> **Required work**
Find the line that holds "1.招標物資名稱:工業(yè)氣體(氧氣、乙炔、氮氣、二氧化碳)。" in the material below. Output that line and each one after it exactly, but not the pictures.

> **Raw data**

--- START ---

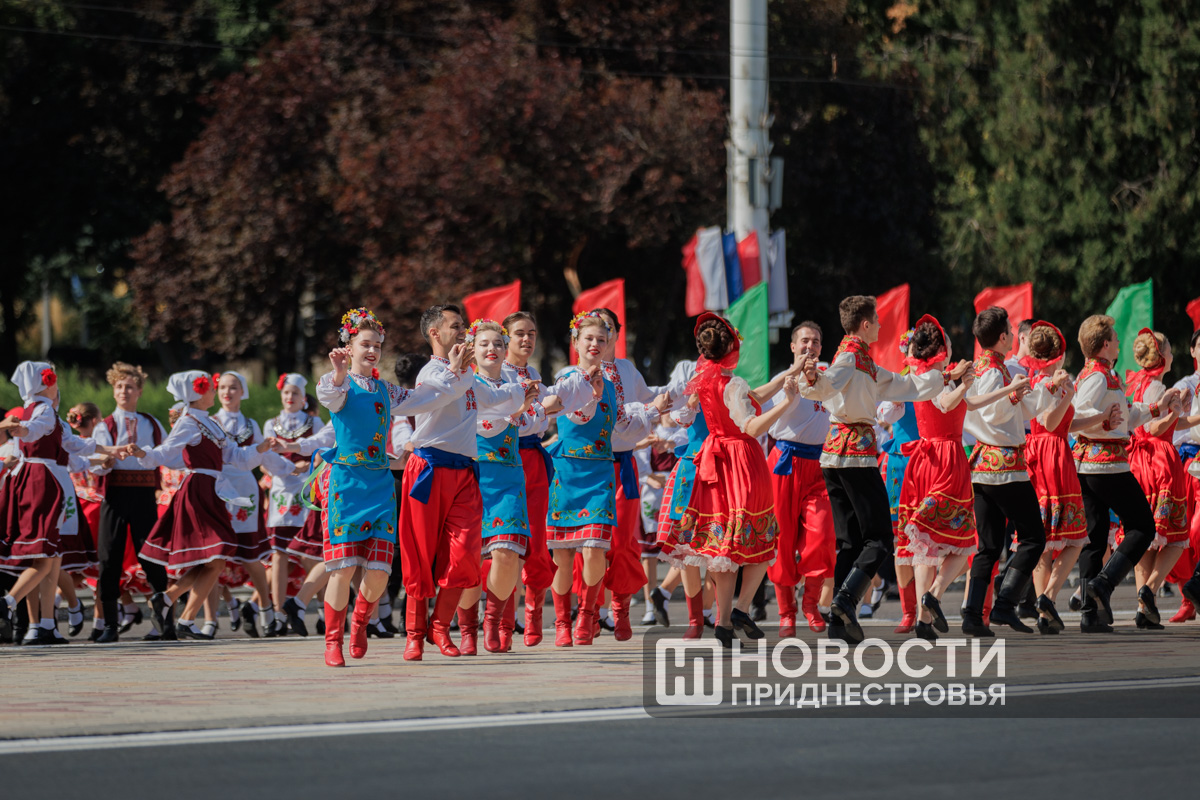 Tiraspol, September 2. /Novosti Pridnestrovya/. On the 35th anniversary of the PMR, the youth of the republic presented the largest dance production in the history of our state. After the festive parade, beginner and professional dancers, leading choirs of the country, as well as Suvorov cadets and military school students showed the Pridnestrovian Suite, in which 780 people took part.
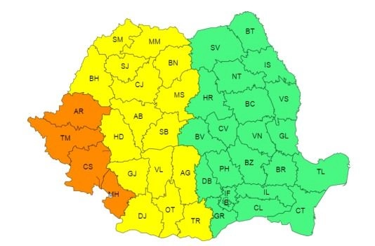 AVERTIZARE METEOROLOGICĂ - COD GALBEN de caniculă în judeţul Bistriţa-Năsăud.
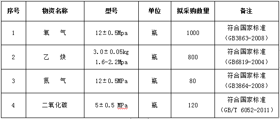 1.招標物資名稱:工業(yè)氣體(氧氣、乙炔、氮氣、二氧化碳)。
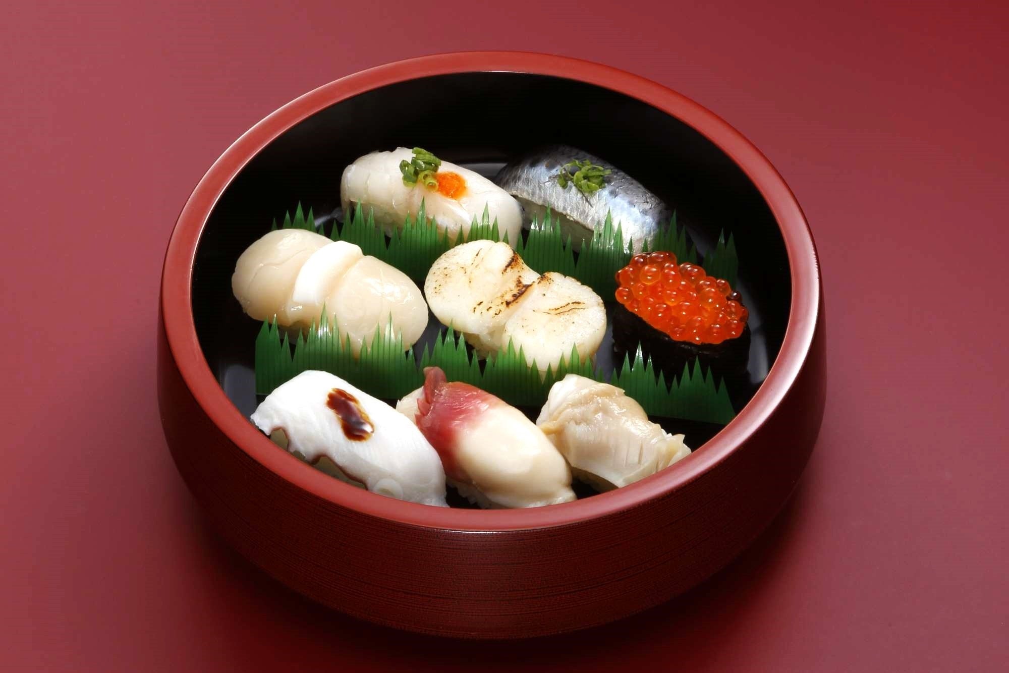 北海道応援にぎり: 1人前 1,480円(税込) ヒラメ/イワシ/大ホタテ/炙り大ホタテ/イクラ/タコ/ホッキ/ツブ ※付け合わせ別売り |

--- END ---

> **Task response**
 1.招標物資名稱:工業(yè)氣體(氧氣、乙炔、氮氣、二氧化碳)。
 北海道応援にぎり: 1人前 1,480円(税込) ヒラメ/イワシ/大ホタテ/炙り大ホタテ/イクラ/タコ/ホッキ/ツブ ※付け合わせ別売り |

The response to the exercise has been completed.